Points-to Analysis is widely used, but it’s tricky to understand. There’s a wide variety of notations used, leading to confusion. And if that wasn’t bad enough, the most popular points-to analysis tool SVF, operates on LLVM IR, while most descriptions of points-to analysis algorithms use examples from C code. This makes it difficult for readers to map the familiar C source code based examples to the functioning of SVF.
This, and the following blog articles will describe things that I have learnt during my experiences with SVF and pointer analysis.
Andersen’s Algorithm
It is an iterative, subset-based points-to analysis algorithm. I’ll describe the different ways to think about the constraints and derivation rules, that I’ve found to be helpful.
- p = &q:
This is the Address-of Constraint.
Here the address of q is stored to p. So q ∈ p. Where p is the pts-to set for p. - p = q:
This is the Copy Constraint.
Here both p and q are pointers (or pointers to pointers, or pointers to pointers to pointers … and so on). This is fairly intuitive. It means, the points to set of q is a subset of the points-to set of p.
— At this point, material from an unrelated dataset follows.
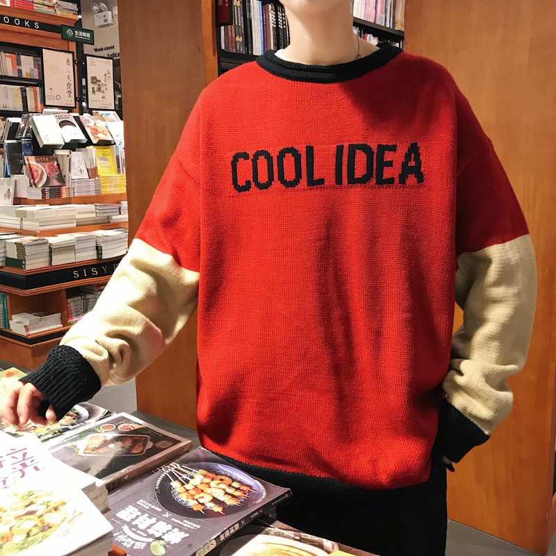 文藝男女店秋季圓領針織衫男士韓版潮流套頭秋裝寬松毛衣網紅外套

In other words, p might* point to whatever q might point to, in addition to whatever else, p might already be pointing to.
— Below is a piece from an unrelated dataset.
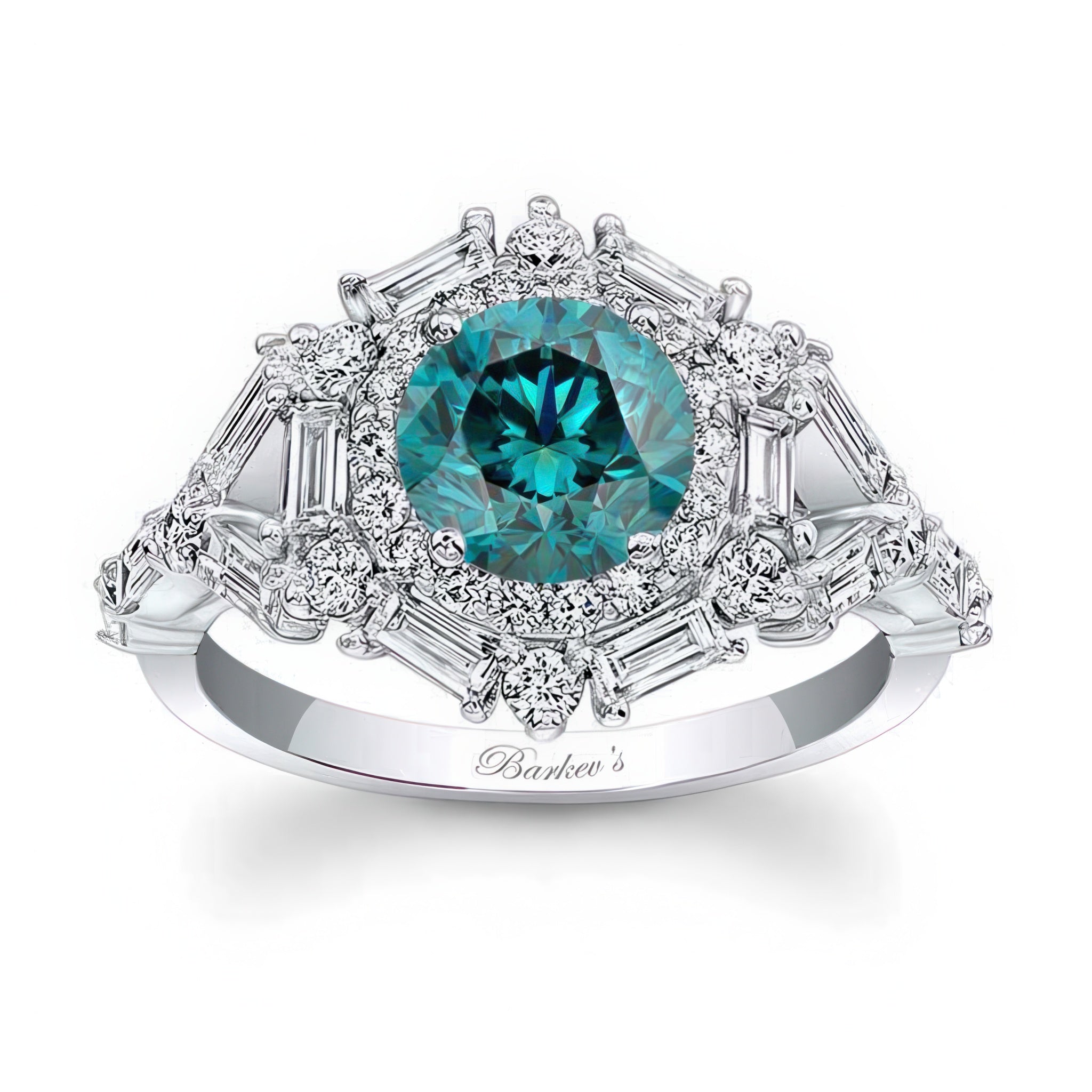 Vintage Baguette Blue And White Diamond Engagement Ring

In other words, because q is a subset, we can denote p ⊇ q, denoting p is a superset of q. Some texts use this notation.
In other words, p ⊇ q, lx ∈ q, then, lx ∈ p.
In other words, the points-to set of q, is copied into the points-to set of p.
Note*: I use might because points-to analysis is imprecise and overapproximated.
Note: the alphabet is used to denote both the pointer / object as well as its points-to set. The meaning is clear depending on the context. - *p = q:
This is the Assign Constraint.
Here q is a pointer (or a pointer to a pointer or so on ..) and p is a pointer-to-a-pointer (or a pointer to a pointer to a pointer and so on …). Intuitively, it means that the points-to set of q is a subset of each of the points-to sets of every element that is in points-to set for p.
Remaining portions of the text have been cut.